2. The course will enable you to: • Understand and design embedded systems and real-time systems • For real-time systems: • Identify the unique characteristics of real-time systems • Explain the general structure of a real-time system • Define the design problems and challenges of real-time systems • Apply real-time systems design techniques to various software programs.

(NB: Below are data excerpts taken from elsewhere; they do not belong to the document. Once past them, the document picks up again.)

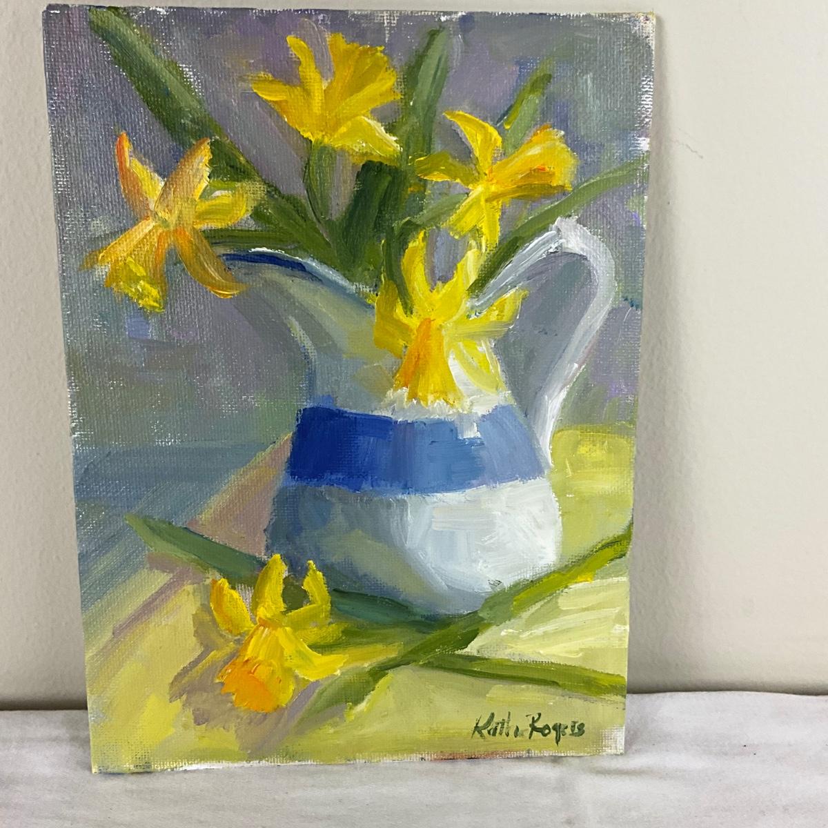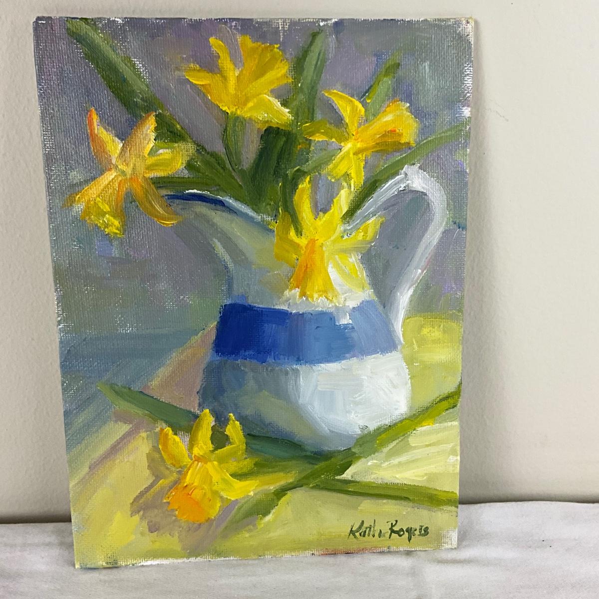 169 Original Oil Painting "Blue and White "Yellow Daffodils" by Kathie Rogers
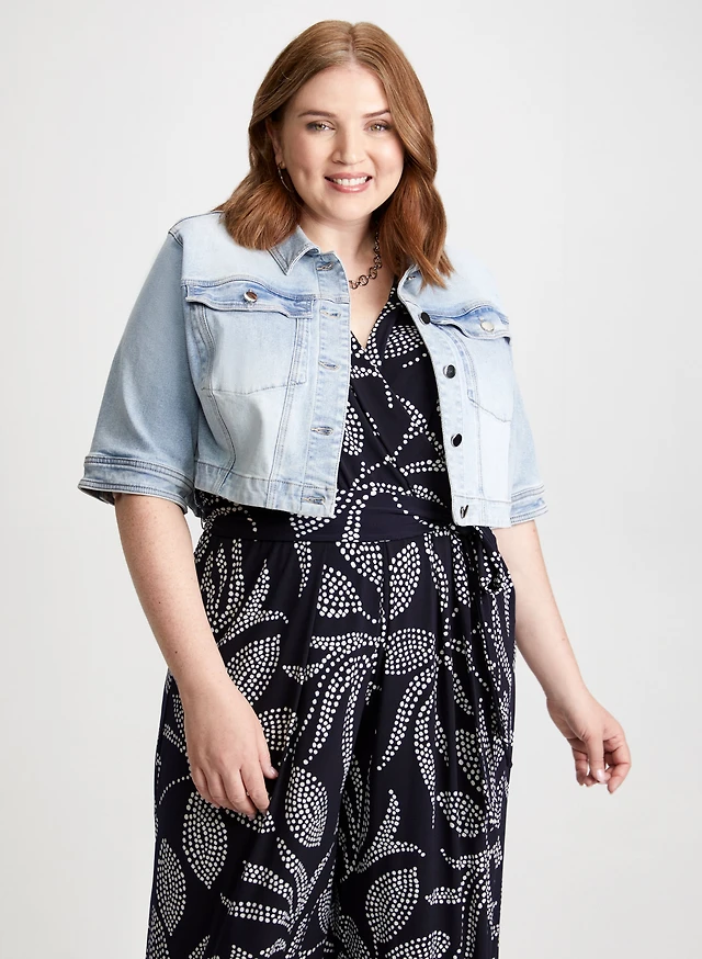 Cropped Denim Jacket & Leaf Print Jumpsuit
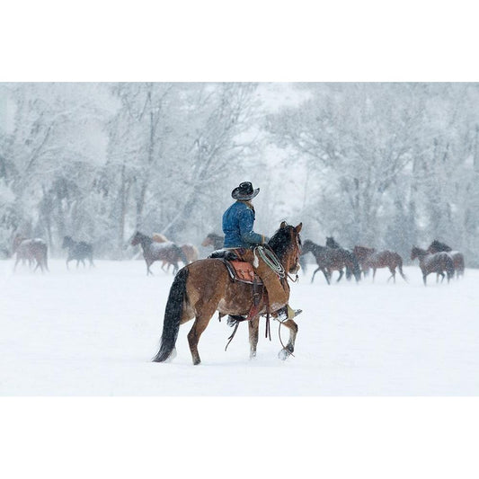 Wrangler In The Snow White Modern Wood Framed Art Print by Walker, Carol
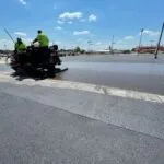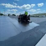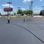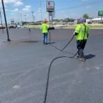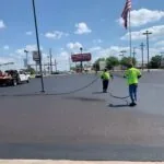 We were the prime contractor for this project, and it was the first time that we had served this customer. The dealership wanted to ensure that the pavement in the parking lot was attractive, safe, and protected. We started with the repairs. Repairs ranged between two and four inches for a total of more than 500 square feet. We used TXDOT 340-Type D asphalt for the repairs. Next, we applied two coats of Jennite AE sealcoating. The first coat was squeegee-applied, and the second coat was applied with a sprayer. The dealership approved this method because it would offer better coverage of surface flaws, provide more material, and deliver a longer life for the sealcoating. This required about 5,900 gallons of sealcoating to cover 148,825 square feet of pavement. The last part of the project was to stripe and mark the parking lot.
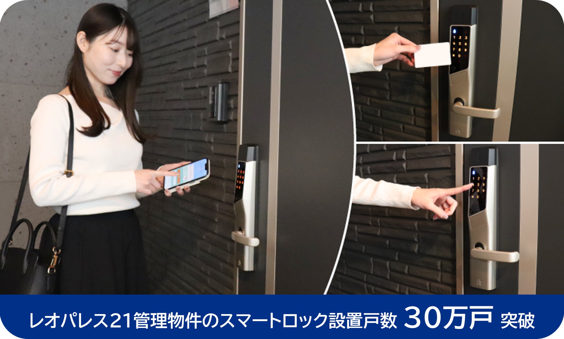 株式会社レオパレス21(東京都中野区 代表取締役社長:宮尾 文也、以下「当社」)は、管理物件へのスマートロック設置戸数が業界最大規模である30万戸を突破したことをお知らせいたします。
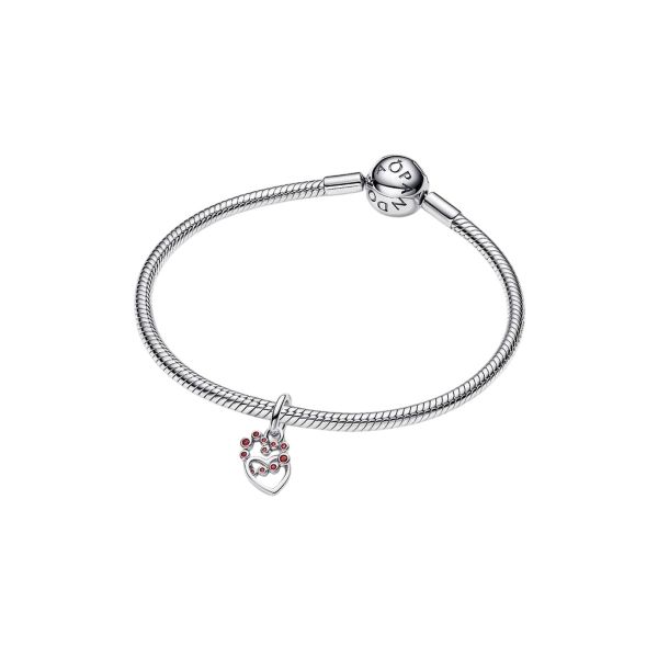 Pandora Charm-Anhänger Verbundene Herzen Rote Steine Silber 794435C01
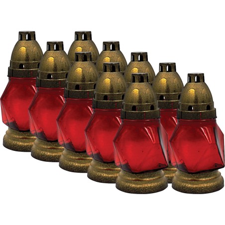 Znicze szklane w kolorze czerwonym. Zawierają wprasowane wkłady parafinowe o czasie palenia do 14 godzin. Znicze najwyższej jakości. Wkłady nie kopcą i wypalają się równomiernie do końca.
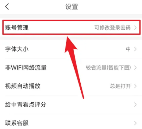 **步,打开中青看点app,点击设置,点击账号管理。
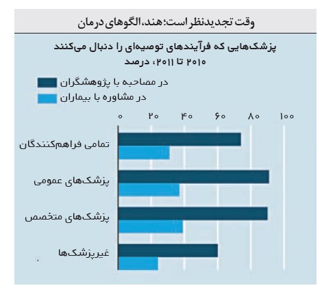 هند یکی از نمونههای قابل توجه است. هر روستاییِ هندی سالانه شش مرتبه به مطب دکتر مراجعه میکند. افراد ساکن شهر در هند نیز سالانه پنج مرتبه به پزشک مراجعه میکنند. این رقم برای امریکاییها به طور متوسط سه مرتبه است. هندیها نیازی نیست به جای دوری بروند تا دکتر را ببینند. آنها به دکتر دسترسی دارند. چین نیز وضعیت مشابهی دارد. پزشکها در زمینه درآمدهایشان مشکلاتی دارند که در نسخهپیچیهای آنها تأثیر میگذارد.
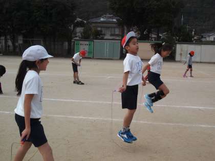 3年2組が縄跳びをしています。できる技にさらに磨きをかけたり,もうちょっと頑張ればできそうな技にトライしたり…寒さに負けずに汗を流しています。

3. Course overview • For embedded systems it will enable you to : • Understand the basics of an embedded system • Program an embedded system • Design, implement and test an embedded system. • Ex: realtime + embedded : heart pacemaker • Ex: realtime: online video games

4. Global Embedded Systems Market Global Embedded Systems Market, 2003-2009($ Millions): Source BBC Inc. • http://www.the-infoshop.com/study/bc31319-embedded-systems.html

5. Example real-time and embedded systems

6. Lets discuss some realtime system (RTS) characteristics

7. Realtime Characteristics • RTS have to respond to events in a certain pre-detemined amount of time. • The time constraints have to be considered during planning, design, implementation and testing phases. • Internal failures due to software and hardware fault have be handled satisfactorily. • You cannot simply pop-up a dialog error box that says “send report” or “don’t send report”. • Also external failures due to outside sources need to be handled.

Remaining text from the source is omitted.